In reading through the results of our Senior Exit Surveys, which are gleaned through one-on-one conversations between individual teachers and late spring semester seniors, we discovered that we had widespread issues with student anxiety, sleep deprivation, right answer addiction, and cheating. While these concerns are not unique to our school here in the Silicon Valley, nor for that matter, in the independent school world at large, these stated realities fly directly in the face of the stated mission of our school.

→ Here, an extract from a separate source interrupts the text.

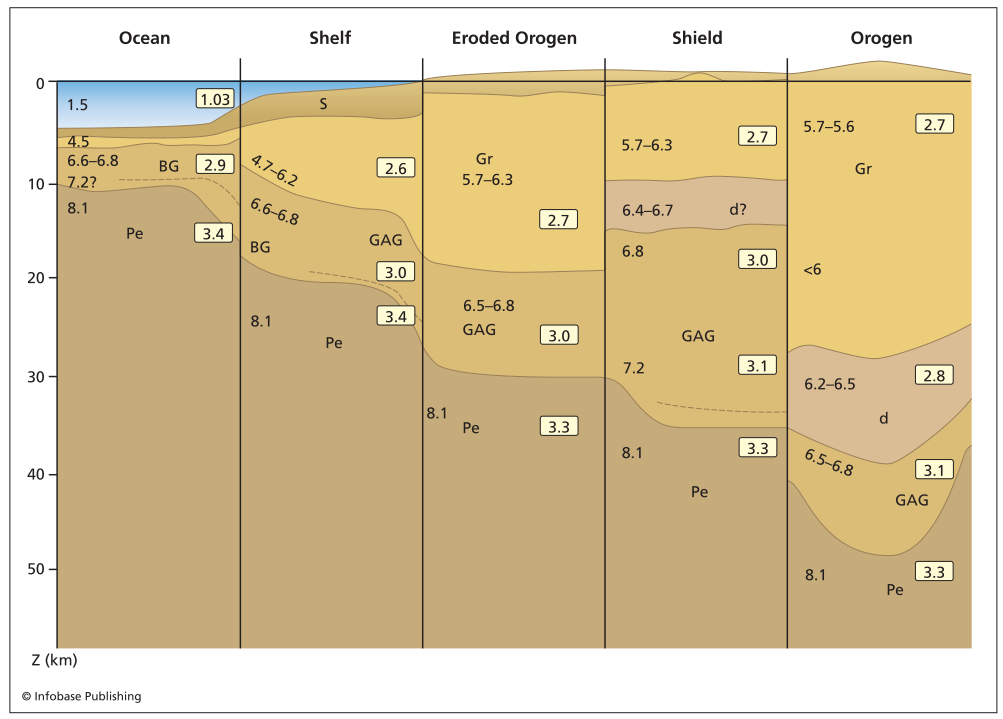 Общая структура земной коры различных провинций, определенная сейсмологическими методами. Цифры в квадратиках обозначают плотность в граммах/см³, а другие цифры обозначают сейсмическую скорость P-волн в километрах в секунду: BG = базальт-габбро, GAG = амфиболит и гранулит, Pe = перидотит, d = диорит, An Ga = анортозитовое габбро, S = отложения, Gr = гранит-гнейс верхняя часть земной коры, M = разрыв Мохоровичича.

Woodside Priory started on the long and complex road to tackle student anxiety, sleep deprivation, right answer addiction, and cheating by reaching out to the Challenge Success program at Stanford University, which is fortuitously located right down the street from our school. With some basic guidelines in hand, we undertook a comprehensive and sweeping range of reforms in an effort to address the issues our kids were facing. Our work can be divided into three separate categories or themes: Structural Reforms, Holistic/Spiritual Reforms, and Pedagogical and Programmatic Reforms.
In the Spring of 2016, we applied for an EE Ford Grant to study the effects of our actions on Student Balance. We then formed a committee to dig into the work, focusing first on evaluating the effectiveness of our actions and then turning to advance the work.
In the past, we have invited peer schools to a colloquium discussing common issues and goals in an effort to broaden the conversation on a Silicon Valley, indeed nation-wide, problem. We also participated in a couple of workshops at the National Association of Independent Schools (NAIS) Annual Conference – sharing our story and again, broadening the exploration of student balance with other Independent Schools as we strive to live our mission in real-time and in real life.
We acknowledge that there is still room for growth as we honestly assess our student experience. Our Advisory program and increase in interdisciplinary classes highlight the progress we have made. We are also exploring the next steps as we look to define ‘meaningful’ in the context of the Priory Way and search for deeper integration of our mission into the daily life of our students. Our driving questions are “How much of a student’s life is Priory entitled to?” and “How can we help our students discover what balance and meaning look & feel like for them?”